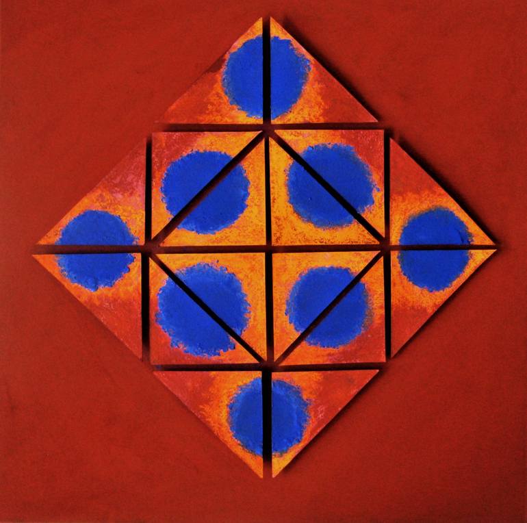 I've always been drawn to symmetry and pattern and first started to explore the structure of geometry and proportion in my last year at art school.. Part of my childhood was spent in East Africa and the rest on the edge of Dartmoor in South West England. Africa gave me colour pattern and heat.and Dartmoor mood mist and water. I use raw pigments and pastel for their intensity of colour and more recently photographic imagery to show the detail and texture of plant life. I started to work with circles as a holistic and universal symbol and found that this simple geometry gave me a solid structure on which to base my exploration of colour. A visit to India was highly influential and as a result I added the triangle to my set of shapes.. I also discovered the story of Indra's Net which demonstrates a holographic view of consciousness " In the heaven of Indra there is said to be a network of Pearls so arranged that if you look at one you see all the others reflected in it."
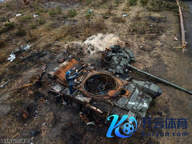 被乌克兰无东说念主机炸毁的俄罗斯 T-72B3 主战坦克。
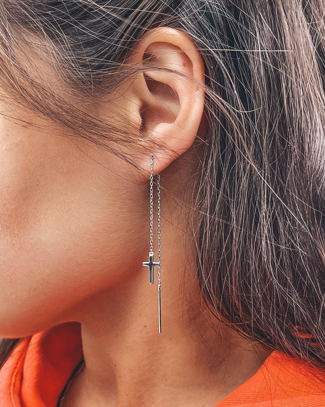Сережки без вставок Срібло 925° (родій) с2/2005
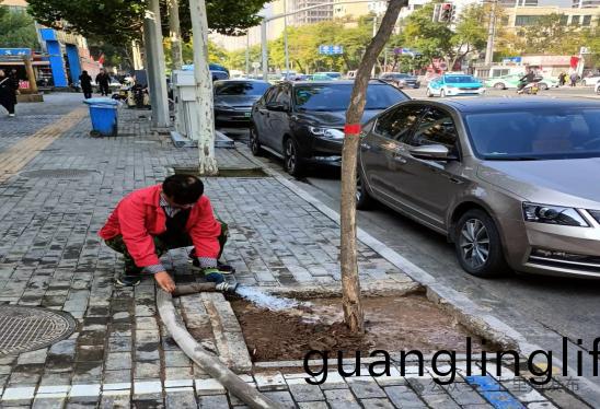 由(you)于(yu)此(ci)次(ci)栽植(zhi)樹木(mu)較爲(wei)分(fen)散,爲(wei)確(que)保后(hou)期(qi)澆(jiao)水養護(hu)不遺漏(lou),工作(zuo)人員爲每棵(ke)新(xin)植(zhi)樹(shu)木纏(chan)上了(le)“紅絲(si)帶”,讓這些行道(dao)樹(shu)“新(xin)成員(yuan)”可以(yi)得(de)到養(yang)護人(ren)員的精心(xin)炤顧(gu),更好地生長。截(jie)至目(mu)前(qian),鎋(xia)區各(ge)路段(duan)綠(lv)地(di)共(gong)補栽行(xing)道(dao)樹國槐(huai)185株,大(da)葉(ye)黃楊(yang)、女(nv)貞(zhen)等(deng)小(xiao)灌(guan)木(mu)7萬餘(yu)株(zhu),雲(yun)杉(shan)等各(ge)類(lei)小喬(qiao)木(mu)200株。
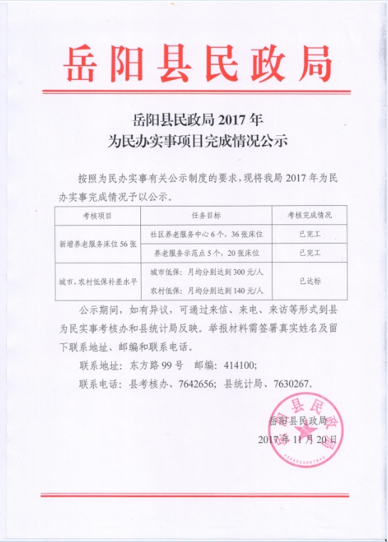 岳阳县民政局2017年为民办实事项目完成情况公示
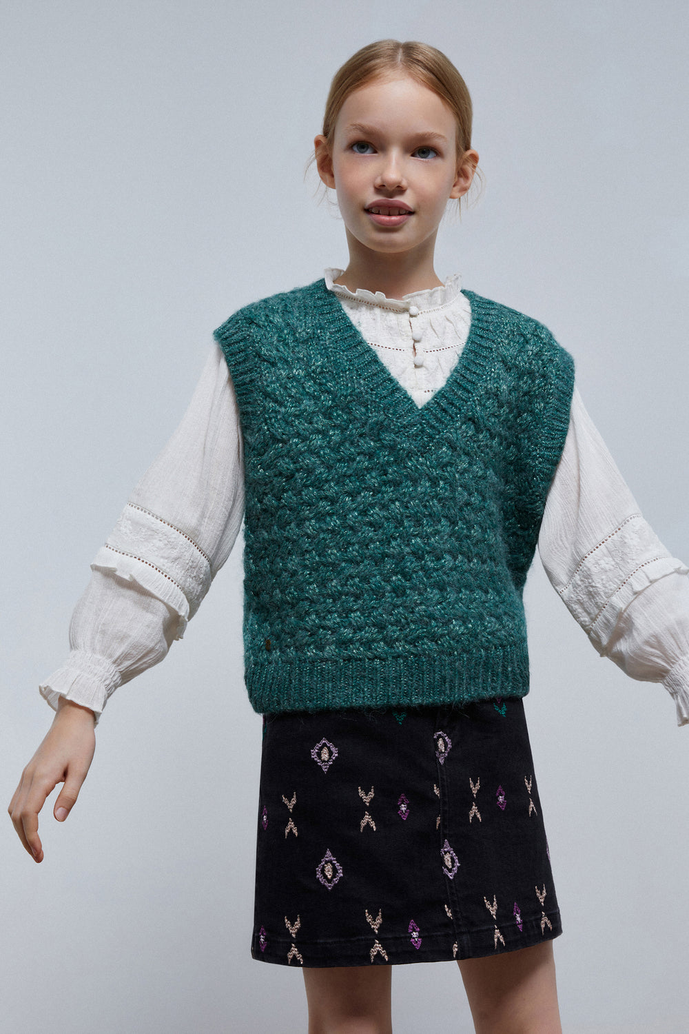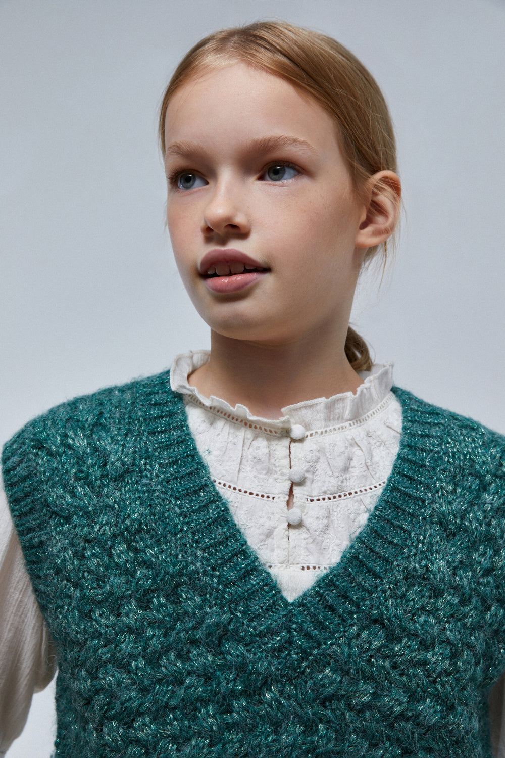 - Confeccionado en mezcla de fibras con detalle en hilatura metalizada
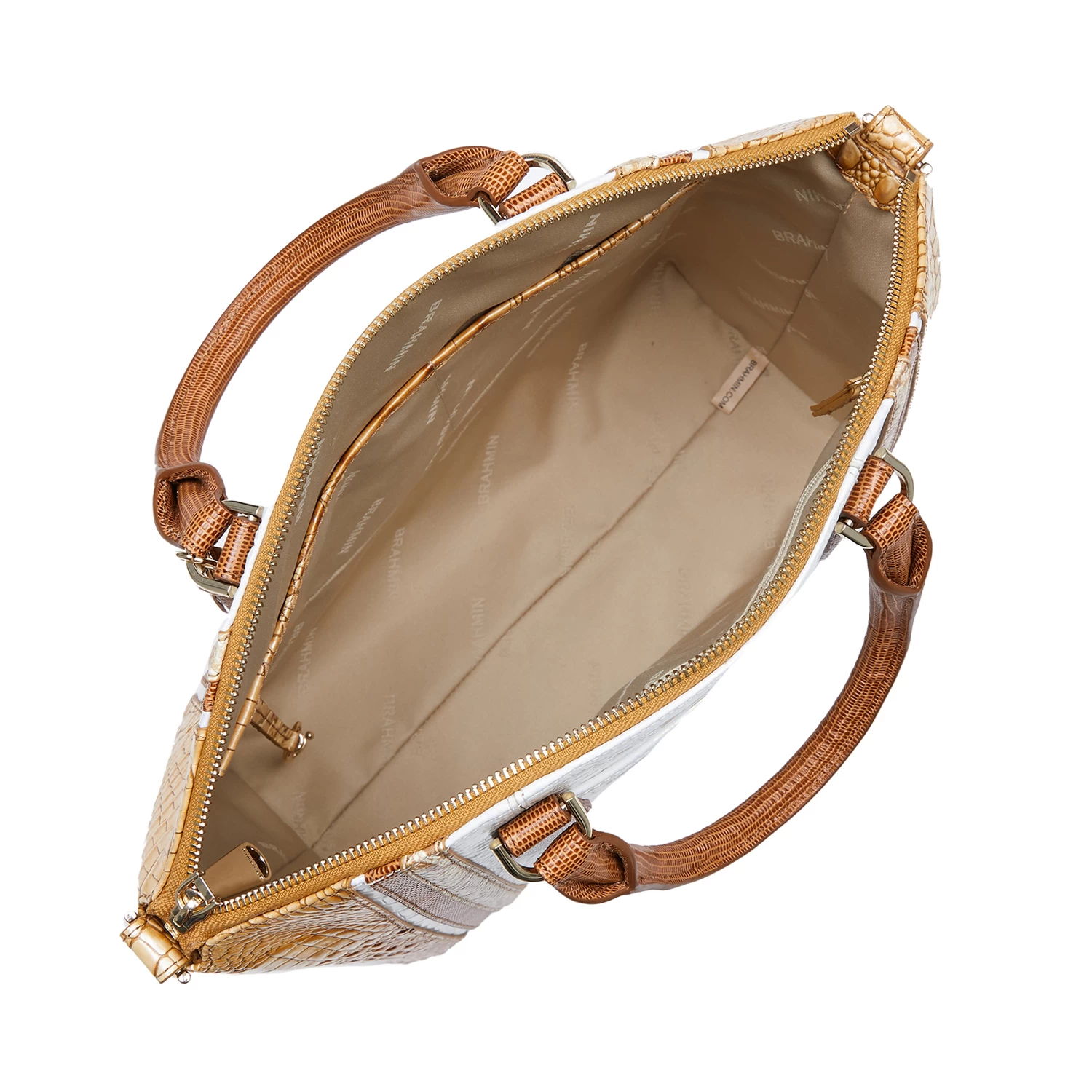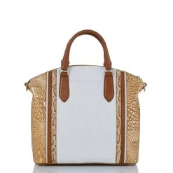 Featured in Dune Alamosa, an elevated new twist on a neutral. This unexpected combination is as versatile as it is chic. It combines the bright brilliance of Shell White with the warmth of Dune. The tobacco lizard trim adds dimension and texture. Made with genuine leather.
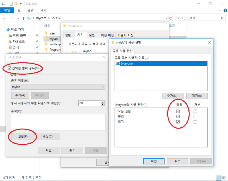 1-3) 고급 공유창에서 선택한 폴더 공유를 체크하고, 권한을 눌러 모든 권한을 허용
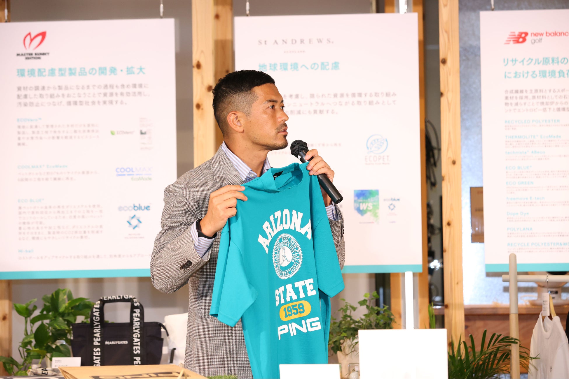 まず開催に至った経緯として、「ゴルフ業界では、ゴルフ場の開発に伴い80年代を中心に森林伐採が行われてきました。しかし近年、自然保護のため、伐採した1,2倍分の植林をするといった取り組みも推進されるなど、業界の意識も変化しています。そんな中、私たちアパレル企業もできることがあると考え、少しずつではありますがさまざまな活動に取り組んでいます。今日の展示もその一環として開催させていただきました」と、説明しました。
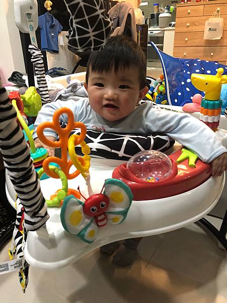 凱開開始會坐後,他就很討厭趴,但坐也好,他可以自己在遊戲墊前玩一段時間,保母和我有事要忙的時候,把他放地上一下還滿方便的。在美國的時候,堂哥借了我們一個跳跳椅”jumperoo”,從此開啟了凱開愛跳的不歸路;回台灣後一直找不到哪裡有賣跳跳椅,不知道為什麼好像整個台灣禁止進口一樣,完全找不到(除非租借玩具的買家,但開把非常反對用二手玩具,因為擔心清潔不夠有細菌),最後我們只好請由美國飛回台灣的朋友幫我們帶回來,之前回來行李已經7件無法自己帶了。還好~有這個跳跳椅,因為他真的太~愛了,愛到沒有在上面的時候,會有隱形的跳跳椅,會無止境的站著跳動,但我看有些研究是反對跳跳椅的,因為對寶寶的腦還什麼的會有影響,所以我們盡量不讓他跳太久,不超過十分鐘為限。
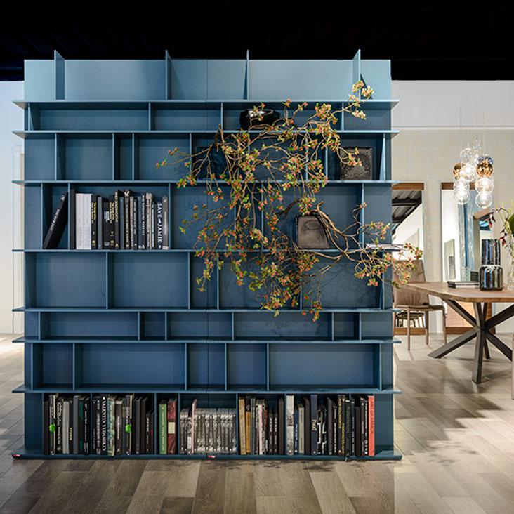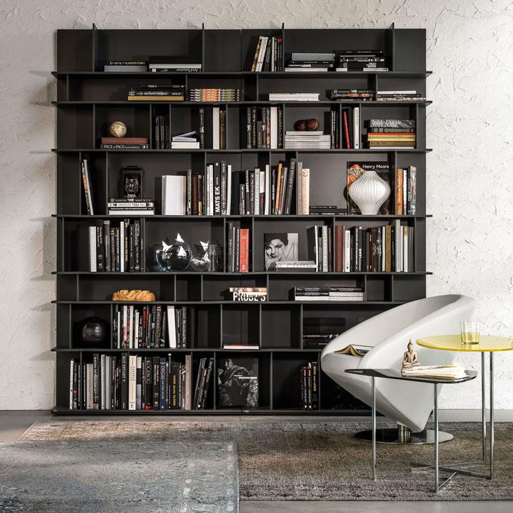 Modular bookcase in titanium (GF11), bronze (GF15), white (GF71), black (GF73), graphite (GF69), oyster (GF50) or ottanio (GF80) lacquered embossed MDF. Max capacity: kg 60 (105), kg 45 (65), kg 40 (B), kg 20 (P) spread load. Wall anchorage is necessary.
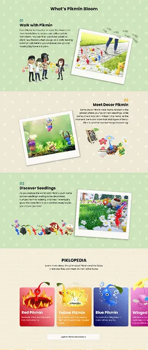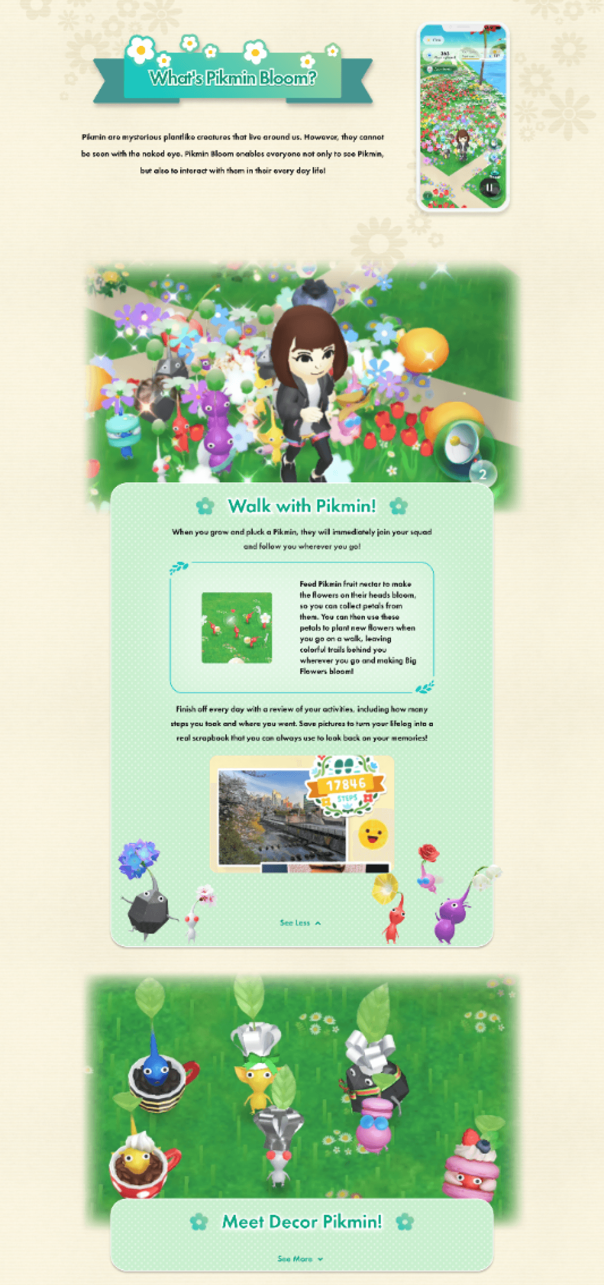 This project improves the Pikmin Bloom website by clarifying its information hierarchy and restructuring content to better match user intent. The redesigned layout helps users quickly understand how the product works, reducing cognitive friction and improving overall scannability.
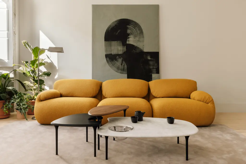 The comfortable, inviting Luva Sofa (2022) features an innovative back that can be opened up or folded down to suit however you like to sit. When the back is expanded, it embraces you in a relaxed lounge position. When closed, it supports you in a more upright position. Designed by Gabriel Tan for Herman Miller, Luva was inspired by the shape of a boxing glove and is named for the Portuguese word for "glove." The soft, cushiony form of this modern sofa comfortably curls around you like a cupped hand. Made in Italy.
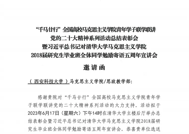 为了深入学习宣传贯彻党的二十大精神,自2022年10月以来,在教育部社科司指导下,清华大学LETOU国际米兰官网牵头发起,37家全国高校重点LETOU国际米兰官网联合主办“千马廿行”全国高校LETOU国际米兰官网青年学子联学联讲党的二十大精神系列活动。
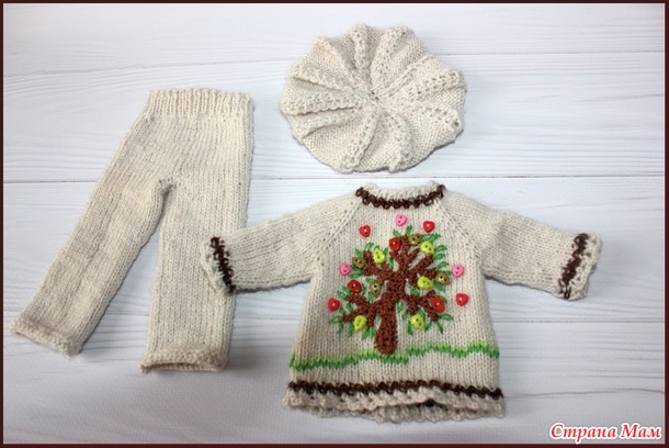 Когда-то давно для внучки своей подруги я вязала пуловер с пуговичным деревом-https://www.stranamam.ru/post/9650253/ , вот и для куклы решила связать что-то похожее... Вязала из Семеновской полушерстяной пряжи пряжи Ольга- в 100 г 392 м, спицы 2,5 мм. Получился комплект
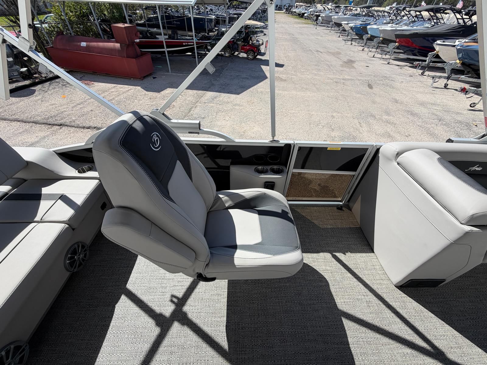 The Barletta Aria A22UC is loaded with features that elevate your boating experience. The striking Black Diamond Railskin not only adds visual appeal but also provides durability and protection. Inside, the Tempest Gray furniture offers plush seating for family and friends, while the Amore Gray flooring is both stylish and easy to maintain, ensuring your boat looks great season after season.The Triple Toon Package Aria is a standout feature, giving the pontoon enhanced buoyancy and stability, perfect for larger groups or active days on the water. The double bimini provides ample shade, allowing you to relax comfortably even during the hottest summer afternoons. The stainless steel flag pole with an American flag adds a patriotic touch and a sense of pride as you cruise your favorite waterways.Navigation is a breeze with the Eagle 5 GPS, which helps you chart your course, track your speed, and find the best fishing spots with ease. Every detail, from the rigged engine with stainless steel prop to the thoughtfully designed seating and layout, is crafted to maximize your enjoyment and convenience.
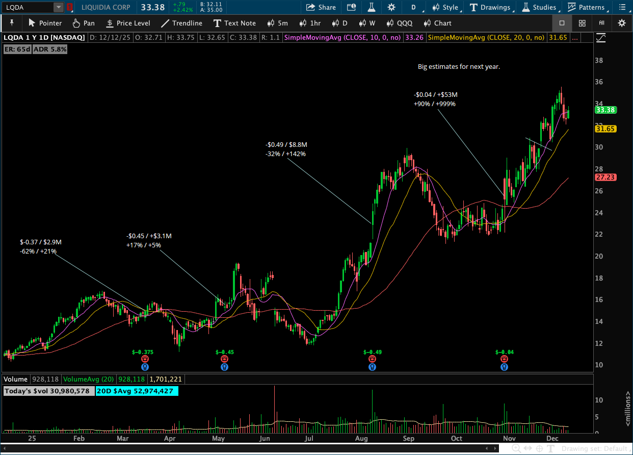 LQDA has been trending on the 10ma, waiting for some tightness. Big estimates for next year. Liquidia has seen a strong move, driven by the story of positive analyst sentiment and high price targets ahead of its potential commercialization of a key pulmonary hypertension drug.
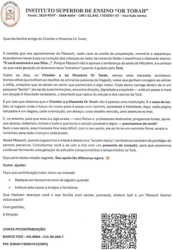 CARTA DE PESSACH DO INSTITUTO SUPERIOR DE ENSINO “OR TORAH”
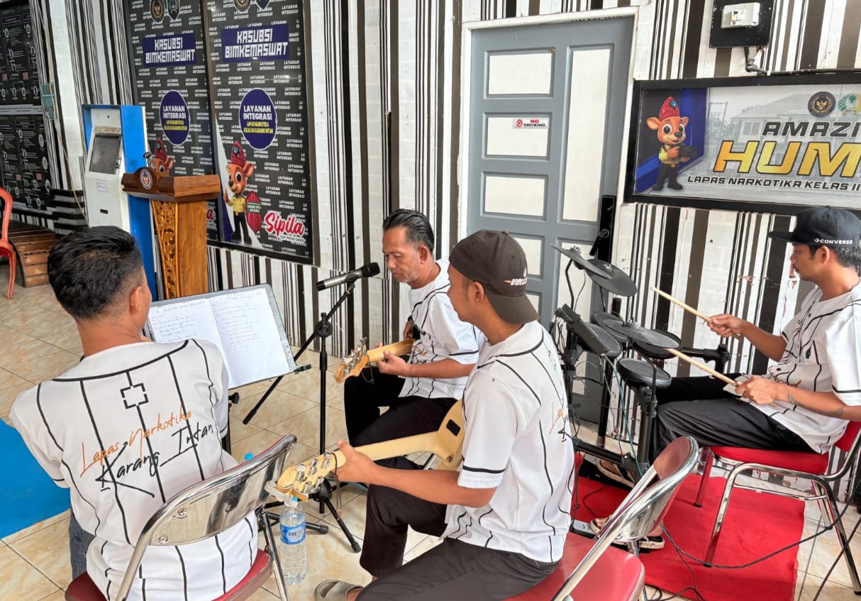 Suasana kunjungan Hari Raya Idulfitri ke-2 di Lembaga Pemasyarakatan (Lapas) Narkotika Kelas IIA Karang Intan, Minggu (22/03/2026), terasa semakin hangat dan penuh makna. Hal ini berkat penampilan Diamond Band, grup musik yang seluruh personelnya merupakan Warga Binaan Lapas Narkotika Karang Intan, yang sukses menghibur para pengunjung dan sesama Warga Binaan.
================================
Exercise prompt> What is needed here is an exact copy of the lines from the line containing "CARTA DE PESSACH" through the end of the records, with every picture left out.

The answer>
 CARTA DE PESSACH DO INSTITUTO SUPERIOR DE ENSINO “OR TORAH”
 Suasana kunjungan Hari Raya Idulfitri ke-2 di Lembaga Pemasyarakatan (Lapas) Narkotika Kelas IIA Karang Intan, Minggu (22/03/2026), terasa semakin hangat dan penuh makna. Hal ini berkat penampilan Diamond Band, grup musik yang seluruh personelnya merupakan Warga Binaan Lapas Narkotika Karang Intan, yang sukses menghibur para pengunjung dan sesama Warga Binaan.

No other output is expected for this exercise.